Innovation cannot be a marketing tool; it has to be tied to R&D’s impact with profitability.
Seamless Collaboration With Your Partner
The difference between an invention and innovation often hinges on an organization’s ability to execute.
In a global R&D organization, the biggest obstacle to getting the most out of a global innovation ecosystem is to develop a true sense of team and enable seamless co-creation. The C-Suite can set the tone by engaging stakeholders early on in the process to promote buy in and foster a collaborative relationship that relies on trust and accountability.
As companies continue to globalize R&D functions and outsource larger portions of their work, they need to ensure that they still get all the innovation they need to compete effectively.
Up to a third of the insights and innovation that shape next generation products come from the development stages of product engineering.

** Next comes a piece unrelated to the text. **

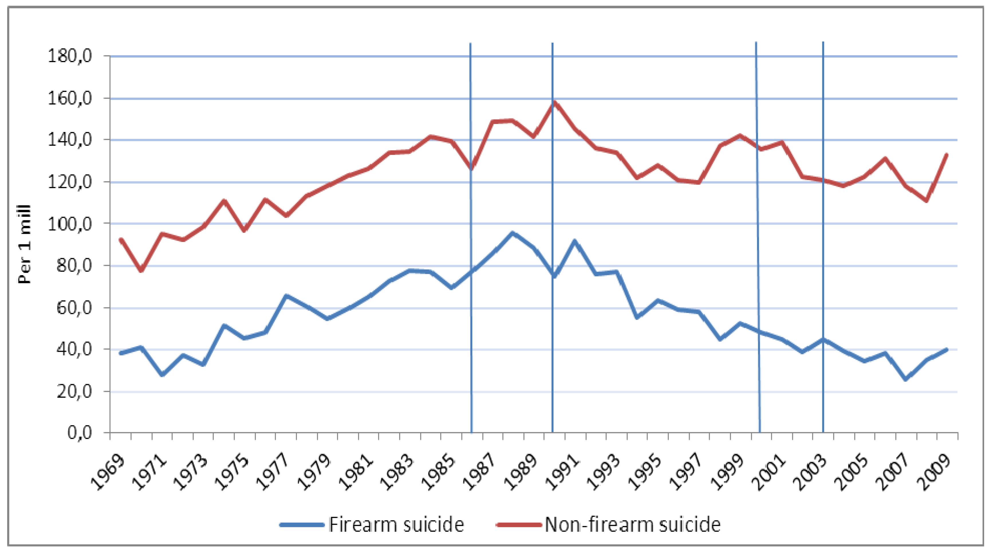 We observed different patterns of male unintentional and intentional firearm deaths during the four decades from 1969 to 2009, with a great reduction in risk levels from the end of the 1980s, especially of firearm suicide. In fact, male accidental firearm death rates declined during the entire period to a level between one and null per 1 million. We tested whether these encouraging observations might be due to stricter firearms legislation. Our findings did not provide much statistical support to this hypothesis. Given that data about firearm type were not available until 1996 and later—and that those data did not differentiate between rifles, shotguns, and army firearms—the most we can say is that there was evidence of a decrease in estimated trends in male firearm suicide (in the total sample, and in ages 15–34 years old) after 1990, and in male firearm homicide after 2003, which may be related to two laws (no change or increased rates in the reference group). However, other factors than stricter firearms legislation may be related to the changes in suicide rates in males and that these factors had an overall effect on the occurrence of suicide by all methods. Such factors might include prevention strategies, efforts to improve mental health services, and the chain of care for patients with intentional self-harm. In fact, a general reduction in suicide rates by approximately 25% was observed in Norway from 1988 to 1994, i.e., before the suicide prevention plans were implemented starting in 1994 [27]. From 1994 to 2009, during a period when the prevention plans were active, male non-firearm suicide rates did not change significantly (Table 4, Figure 1). Mental and behavioral disorders, as well as history of intentional self-harm (including suicide attempts), are strong risk factors for suicide [33]; thus, improved mental health care (both inpatient and outpatient hospital care), and follow-up care for patients who have been treated for intentional self-harm, may in all likelihood prevent suicide. After 1990, and especially during the years from 1998–2006, resources in mental health services increased in Norway. However, this change was not significantly related to either male or female suicide mortality [34]. Chain of care for patients who have received emergency medical treatment for intentional self-harm is another factor that may be related to change in suicide rates. However, no differences in changes of suicide rates were observed when Norwegian population areas with and without chain of care intervention were compared [35]. These findings may reflect the complexity and multiplicity in factors that contribute to the occurrence of suicide [36]. Our observational study was unable to separate any possible effect of firearms legislation from the effects of other factors; thus, we cannot rule out that the firearms laws had no effect on firearm suicide among young males.

Your firm can’t afford to work with an outsourcing partner who does not have the capability to deliver innovation along with productivity, speed and quality.

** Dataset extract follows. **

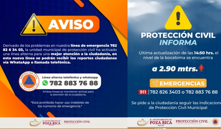 Autoridades municipales exhortan a la ciudadanía a mantenerse atenta a los canales oficiales del Ayuntamiento de Poza Rica y a seguir las recomendaciones emitidas.

By breaking through conventional attitudes, aligning goals and jointly managing resources, companies and their service providers can overcome internal barriers and work toward a profitable, mutually-beneficial goal.
What once was a task-oriented relationship has evolved into a goal-oriented one, as development teams worldwide are being leveraged to improve overall business and R&D performance. Companies no longer worry about where their resources are located and who signs whose paycheck — the only thing they care about is receiving a high return on their R&D investment.
Manage and Measure the Innovation Process
While not all innovation comes from R&D and product-related functions, it is an important strategic outcome for R&D organizations along with other performance targets. If your mission is to identify and execute new products and services that materially contribute to revenue, margin, and market share, then you are living the “innovation imperative.”
R&D outcomes, not the amount an organization spends on R&D, are the true measure of the value of innovation.
An important shift needs to be made from concentrating effort on sustaining innovations, which only add incremental value, to ensuring a better balance to also achieve a steady stream of breakthrough innovations. A strong and steady stream of invention generation — and tight execution processes to transform them to innovations — is the key.
Because of its subjective nature, innovation is often thought of as something that can’t be measured. On the contrary, innovation must be treated as a business process managed across culture, process and technologies — with a focus on metrics that track outcomes.
However, the ultimate measure is an external measure called the Vitality Index (VI), which looks at the ratio of product revenue generated out of sustaining and breakthrough innovations compared with all other existing revenue.
A quantifiable measure that shows the impact of innovation helps companies understand the health of their innovation capabilities and indicates changes development teams may need in order to meet expectations.
As the increasingly global workforce and improved innovation techniques add value to product engineering, forward-looking software companies will be able to leapfrog their competitors.
Enterprises that embrace R&D globalization and forge strong partnerships throughout their ecosystem will bring cutting edge innovations to market faster. Meanwhile, less globally-minded competitors will lose market share. A highly collaborative relationship with the right outsourcing partner can help you stay at the forefront of your industry.
Jerry Smith is chief technology officer at Symphony Services. He holds Masters and Post-Doctoral degrees in computer science from NOVA Southeastern University and a Naval Nuclear Power degree from the United States Navy, where he served as a pilot, nuclear engineer and project engineer.